▶ **Task**
Without the pictures, reproduce the entries below exactly.

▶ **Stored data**
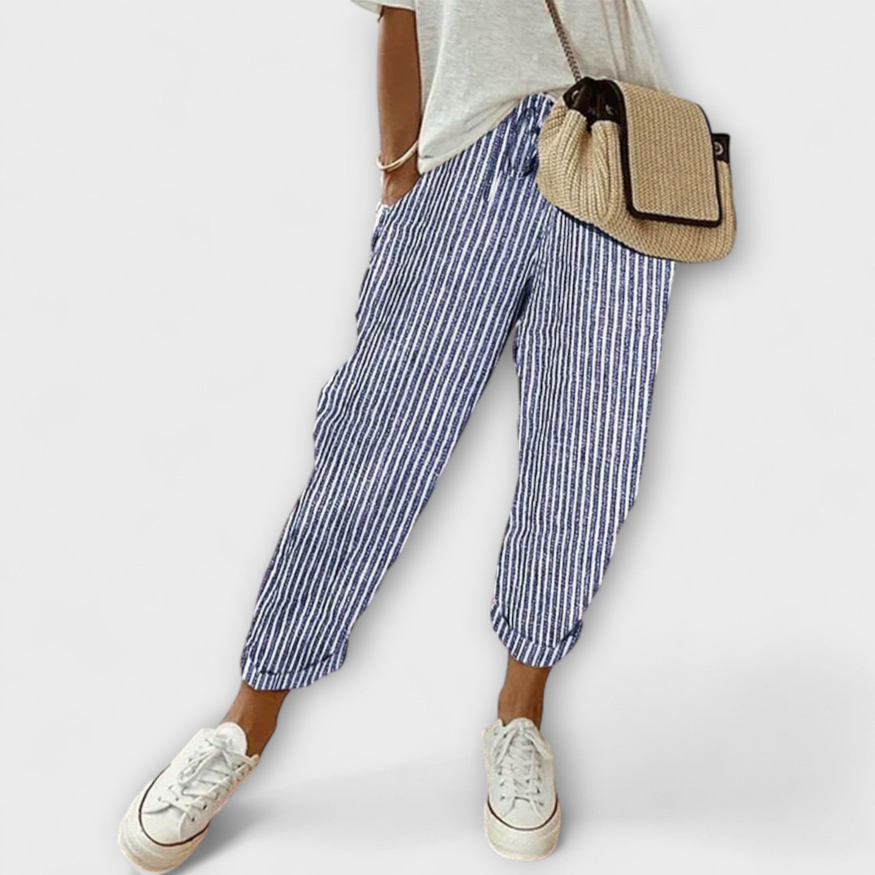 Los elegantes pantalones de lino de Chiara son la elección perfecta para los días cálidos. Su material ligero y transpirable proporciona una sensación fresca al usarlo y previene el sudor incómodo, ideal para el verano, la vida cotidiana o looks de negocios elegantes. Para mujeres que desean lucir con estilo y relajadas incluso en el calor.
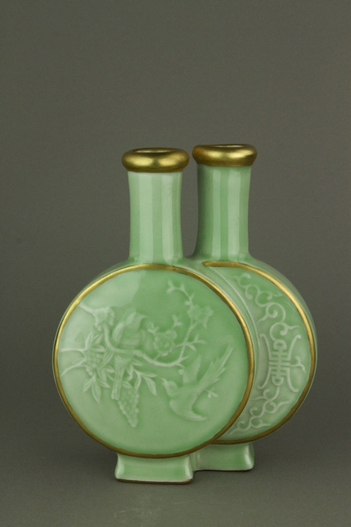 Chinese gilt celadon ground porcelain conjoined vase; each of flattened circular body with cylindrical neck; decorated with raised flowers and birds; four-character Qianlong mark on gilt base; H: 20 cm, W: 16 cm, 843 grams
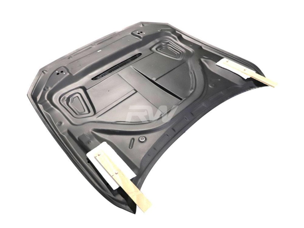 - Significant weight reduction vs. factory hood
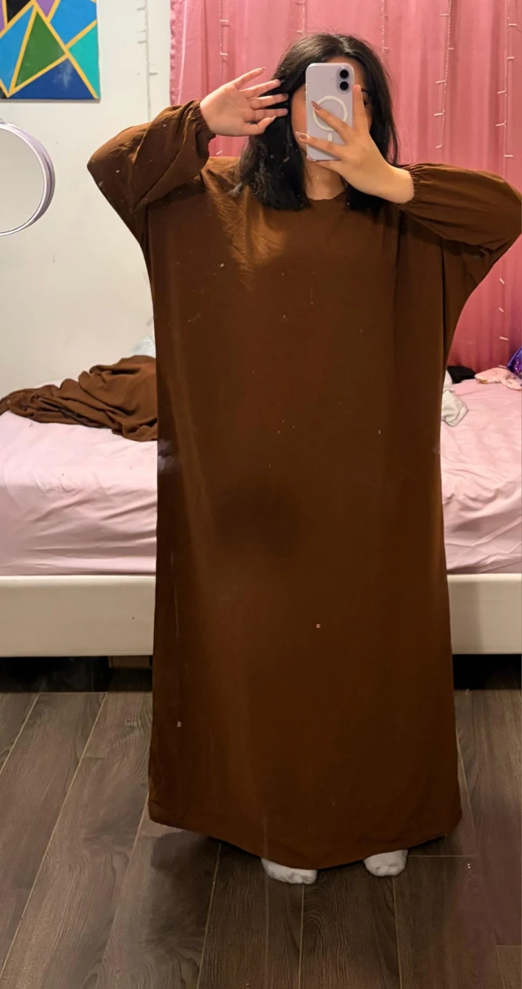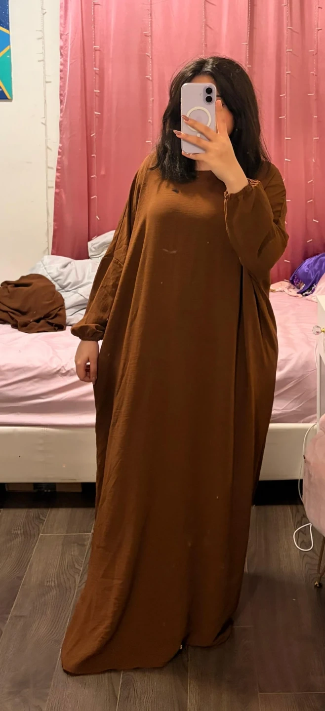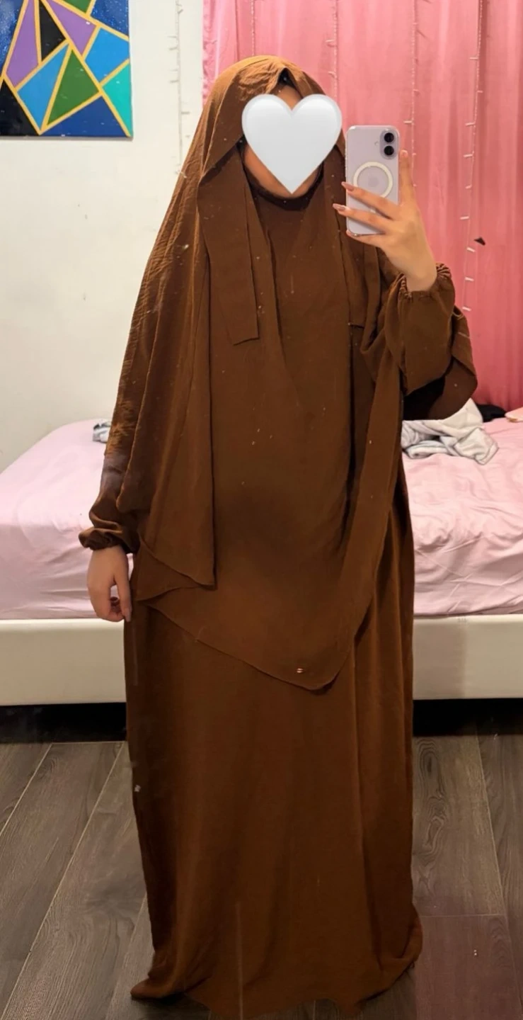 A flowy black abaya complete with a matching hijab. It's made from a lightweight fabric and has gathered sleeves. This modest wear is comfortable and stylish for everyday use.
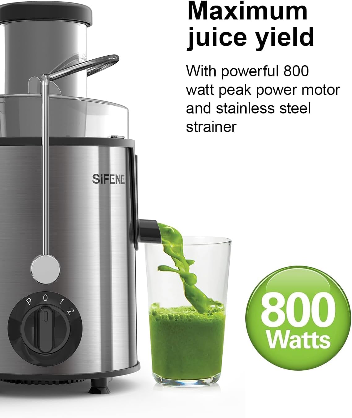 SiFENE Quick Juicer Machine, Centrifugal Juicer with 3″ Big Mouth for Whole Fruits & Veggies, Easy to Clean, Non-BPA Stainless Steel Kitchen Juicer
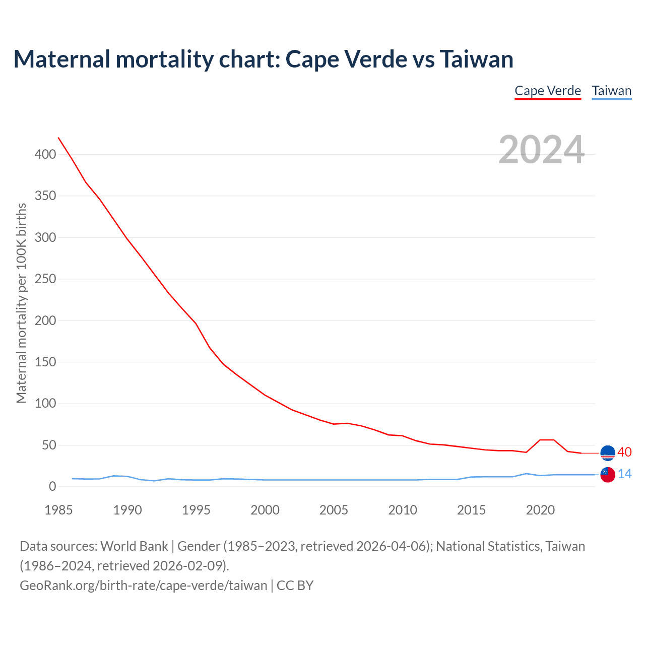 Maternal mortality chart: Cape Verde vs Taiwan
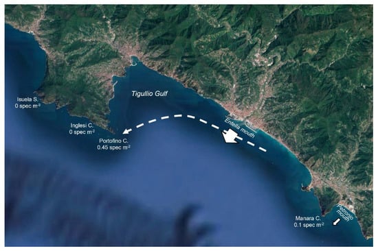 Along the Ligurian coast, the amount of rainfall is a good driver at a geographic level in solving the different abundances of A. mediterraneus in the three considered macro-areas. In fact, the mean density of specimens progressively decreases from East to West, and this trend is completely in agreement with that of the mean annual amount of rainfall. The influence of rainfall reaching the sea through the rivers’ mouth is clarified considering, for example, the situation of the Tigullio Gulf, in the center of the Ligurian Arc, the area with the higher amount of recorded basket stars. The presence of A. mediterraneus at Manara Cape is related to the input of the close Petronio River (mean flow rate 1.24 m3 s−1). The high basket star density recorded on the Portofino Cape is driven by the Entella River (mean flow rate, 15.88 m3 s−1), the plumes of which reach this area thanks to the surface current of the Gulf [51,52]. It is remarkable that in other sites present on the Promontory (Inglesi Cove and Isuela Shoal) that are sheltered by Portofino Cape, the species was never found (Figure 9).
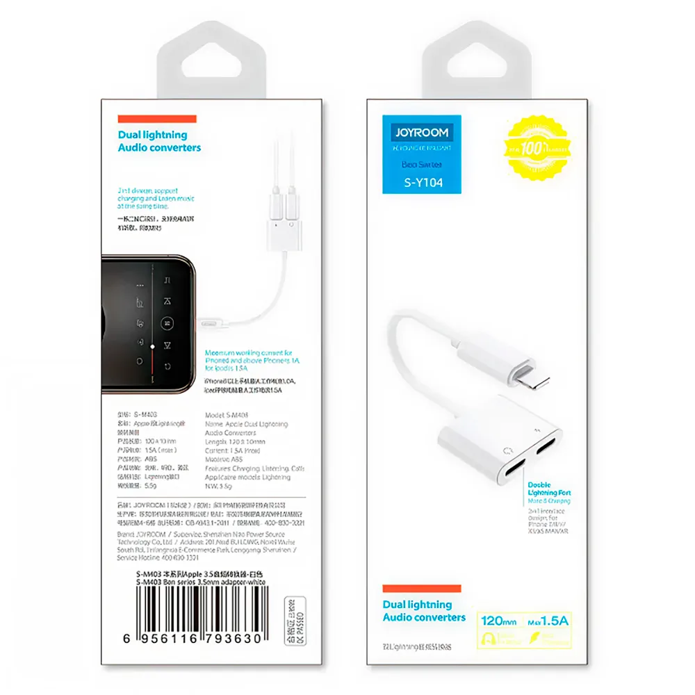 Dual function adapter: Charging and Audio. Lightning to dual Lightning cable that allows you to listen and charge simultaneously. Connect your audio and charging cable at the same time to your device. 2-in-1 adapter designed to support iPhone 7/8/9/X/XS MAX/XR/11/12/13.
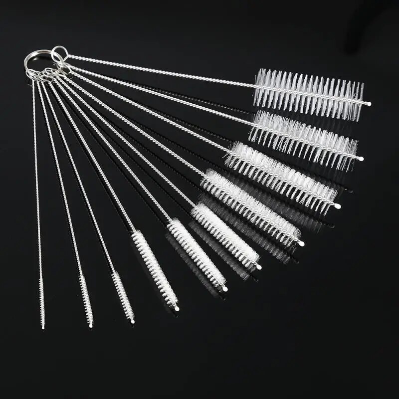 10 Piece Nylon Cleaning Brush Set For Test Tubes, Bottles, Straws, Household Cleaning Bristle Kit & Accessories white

▶ **Expected answer**
 Los elegantes pantalones de lino de Chiara son la elección perfecta para los días cálidos. Su material ligero y transpirable proporciona una sensación fresca al usarlo y previene el sudor incómodo, ideal para el verano, la vida cotidiana o looks de negocios elegantes. Para mujeres que desean lucir con estilo y relajadas incluso en el calor.
 Chinese gilt celadon ground porcelain conjoined vase; each of flattened circular body with cylindrical neck; decorated with raised flowers and birds; four-character Qianlong mark on gilt base; H: 20 cm, W: 16 cm, 843 grams
 - Significant weight reduction vs. factory hood
 A flowy black abaya complete with a matching hijab. It's made from a lightweight fabric and has gathered sleeves. This modest wear is comfortable and stylish for everyday use.
 SiFENE Quick Juicer Machine, Centrifugal Juicer with 3″ Big Mouth for Whole Fruits & Veggies, Easy to Clean, Non-BPA Stainless Steel Kitchen Juicer
 Maternal mortality chart: Cape Verde vs Taiwan
 Along the Ligurian coast, the amount of rainfall is a good driver at a geographic level in solving the different abundances of A. mediterraneus in the three considered macro-areas. In fact, the mean density of specimens progressively decreases from East to West, and this trend is completely in agreement with that of the mean annual amount of rainfall. The influence of rainfall reaching the sea through the rivers’ mouth is clarified considering, for example, the situation of the Tigullio Gulf, in the center of the Ligurian Arc, the area with the higher amount of recorded basket stars. The presence of A. mediterraneus at Manara Cape is related to the input of the close Petronio River (mean flow rate 1.24 m3 s−1). The high basket star density recorded on the Portofino Cape is driven by the Entella River (mean flow rate, 15.88 m3 s−1), the plumes of which reach this area thanks to the surface current of the Gulf [51,52]. It is remarkable that in other sites present on the Promontory (Inglesi Cove and Isuela Shoal) that are sheltered by Portofino Cape, the species was never found (Figure 9).
 Dual function adapter: Charging and Audio. Lightning to dual Lightning cable that allows you to listen and charge simultaneously. Connect your audio and charging cable at the same time to your device. 2-in-1 adapter designed to support iPhone 7/8/9/X/XS MAX/XR/11/12/13.
 10 Piece Nylon Cleaning Brush Set For Test Tubes, Bottles, Straws, Household Cleaning Bristle Kit & Accessories white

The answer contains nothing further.